Zim Now Writer
Fidelity Life Assurance of Zimbabwe Limited (Fidelity Life) has received an adverse audit opinion for its financial statements for the year ended December 31, 2023.
This means the auditors, Grant Thornton, are unable to say with certainty that the company's financial statements accurately represent its financial position.
The audit report outlines several reasons for the adverse opinion.
One key issue is Fidelity Life’s implementation of IFRS 17, a new accounting standard for insurance contracts.
According to the report: “The Group is still in the process of upgrading its accounting, administration and information technology infrastructure to align with the requirements of IFRS 17.”
This has resulted in the company using “simplified models” that don’t accurately track profitable and unprofitable contracts. Farai Chibisa, the engagement partner on the audit, stated: “Once the upgrade of the accounting, administration and information technology infrastructure to align with the requirements of IFRS 17 is complete, significant adjustments may have to be made to the amounts recognised in these financial statements with respect to the Group's insurance contracts.”
Another major concern is Fidelity Life’s non-compliance with International Accounting Standard (IAS) 29. This standard requires companies operating in hyperinflationary environments to restate their financial statements using monthly inflation indices. The auditors found that Fidelity Life instead used an average inflation rate for the entire year, which could lead to misstatements.
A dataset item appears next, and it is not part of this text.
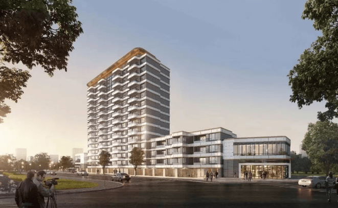 建筑设计:整体建筑布局随河蜿蜒,高低错落的建筑形态契合了江南水乡的水韵特色,加之建筑顶部的金冠起伏,与景观河交相辉映,串联成金色丝带东西贯通,凸显了项目高标准、高品质的居住体验。

The report also highlights the misstatement of opening investment property balances from 2022, and the inclusion of unaudited financial statements from a subsidiary, Vanguard Life Assurance Limited.
“The opening investment property balances of the Company as at 1 January, 2022, recognised in the consolidated inflation adjusted financial statements for the year ended 31 December 2022 were misstated,” the auditors noted.
“Management could not provide sufficient appropriate audit evidence to support the valuator’s assumptions applied in the valuation of the properties as at 31 December, 2021. As a result of the misstatement of the opening balances, the fair value gains on properties recognised in the comparative consolidated inflation adjusted statement of profit or loss and other comprehensive income for the year ended 31 December, 2022 are misstated.”